• Task details:
Only the lines below starting at the one containing "Посуда стоит в порядке на кухне" and ending at the one containing "Olimp Pro Whey" belong in the answer, each copied exactly.

[Task material — start]

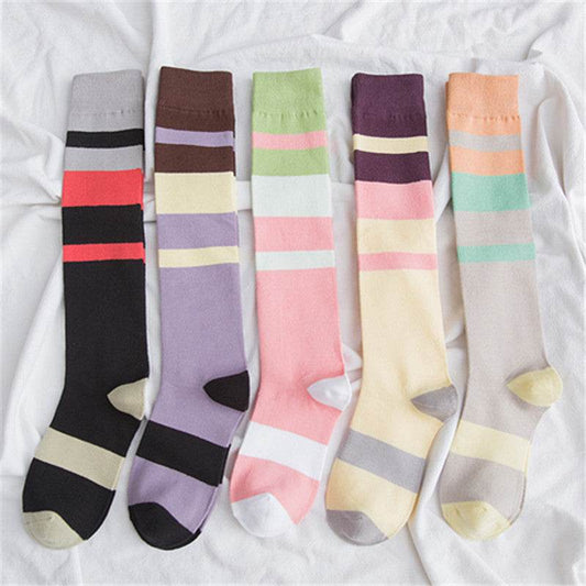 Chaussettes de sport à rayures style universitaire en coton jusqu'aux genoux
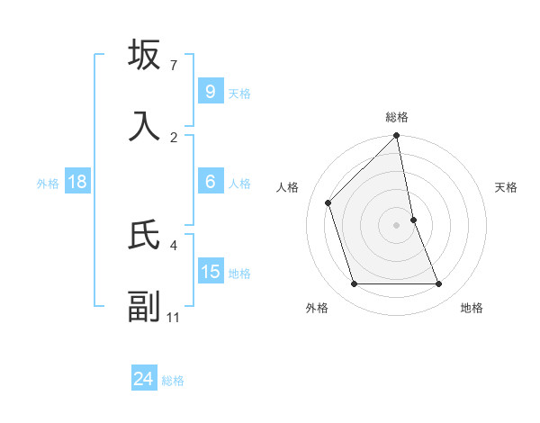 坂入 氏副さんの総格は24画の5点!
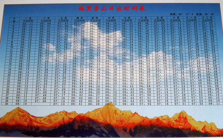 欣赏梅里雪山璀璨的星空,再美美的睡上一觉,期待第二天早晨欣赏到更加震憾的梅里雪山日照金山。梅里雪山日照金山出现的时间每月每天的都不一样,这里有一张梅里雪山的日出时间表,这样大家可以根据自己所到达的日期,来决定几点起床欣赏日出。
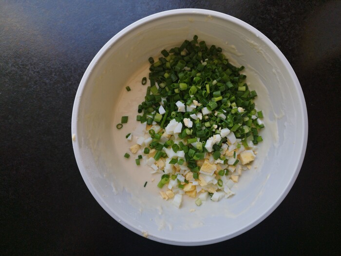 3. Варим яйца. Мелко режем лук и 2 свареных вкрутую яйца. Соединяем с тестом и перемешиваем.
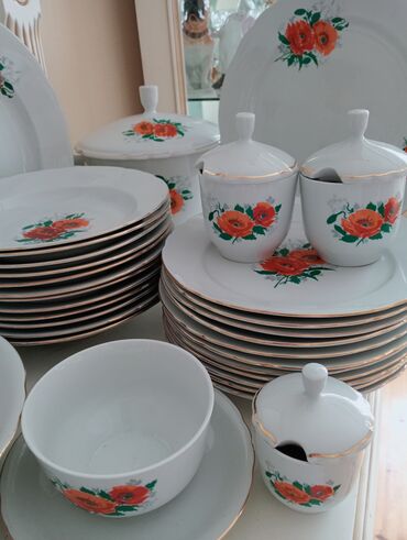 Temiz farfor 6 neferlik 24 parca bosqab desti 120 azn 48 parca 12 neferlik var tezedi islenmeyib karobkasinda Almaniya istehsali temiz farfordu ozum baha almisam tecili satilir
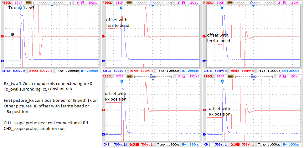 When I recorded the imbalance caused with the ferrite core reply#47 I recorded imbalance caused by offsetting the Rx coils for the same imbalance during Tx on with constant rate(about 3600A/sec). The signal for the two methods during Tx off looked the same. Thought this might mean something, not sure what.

[Task material — finish]
[Task material — start]

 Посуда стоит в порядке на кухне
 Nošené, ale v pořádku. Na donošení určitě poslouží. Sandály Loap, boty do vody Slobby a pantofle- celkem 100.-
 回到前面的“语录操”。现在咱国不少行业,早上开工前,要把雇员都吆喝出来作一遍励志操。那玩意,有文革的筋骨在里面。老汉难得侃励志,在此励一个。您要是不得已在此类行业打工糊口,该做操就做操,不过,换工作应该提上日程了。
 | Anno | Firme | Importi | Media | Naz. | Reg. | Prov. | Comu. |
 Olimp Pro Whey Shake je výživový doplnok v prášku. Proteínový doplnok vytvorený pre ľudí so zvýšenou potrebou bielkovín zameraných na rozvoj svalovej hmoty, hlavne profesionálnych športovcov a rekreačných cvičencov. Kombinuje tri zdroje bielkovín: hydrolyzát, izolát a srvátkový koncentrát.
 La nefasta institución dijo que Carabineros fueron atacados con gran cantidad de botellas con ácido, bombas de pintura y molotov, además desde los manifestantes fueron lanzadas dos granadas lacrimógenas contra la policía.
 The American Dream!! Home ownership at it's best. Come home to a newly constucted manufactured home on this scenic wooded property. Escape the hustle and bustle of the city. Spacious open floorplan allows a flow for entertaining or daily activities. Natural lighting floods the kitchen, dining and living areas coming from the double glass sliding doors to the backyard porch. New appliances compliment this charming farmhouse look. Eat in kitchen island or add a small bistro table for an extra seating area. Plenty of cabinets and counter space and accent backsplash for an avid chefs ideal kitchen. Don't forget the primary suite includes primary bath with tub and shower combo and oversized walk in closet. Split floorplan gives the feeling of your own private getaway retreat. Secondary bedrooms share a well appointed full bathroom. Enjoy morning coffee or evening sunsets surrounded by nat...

[Task material — finish]

• Response area:
 Посуда стоит в порядке на кухне
 Nošené, ale v pořádku. Na donošení určitě poslouží. Sandály Loap, boty do vody Slobby a pantofle- celkem 100.-
 回到前面的“语录操”。现在咱国不少行业,早上开工前,要把雇员都吆喝出来作一遍励志操。那玩意,有文革的筋骨在里面。老汉难得侃励志,在此励一个。您要是不得已在此类行业打工糊口,该做操就做操,不过,换工作应该提上日程了。
 | Anno | Firme | Importi | Media | Naz. | Reg. | Prov. | Comu. |
 Olimp Pro Whey Shake je výživový doplnok v prášku. Proteínový doplnok vytvorený pre ľudí so zvýšenou potrebou bielkovín zameraných na rozvoj svalovej hmoty, hlavne profesionálnych športovcov a rekreačných cvičencov. Kombinuje tri zdroje bielkovín: hydrolyzát, izolát a srvátkový koncentrát.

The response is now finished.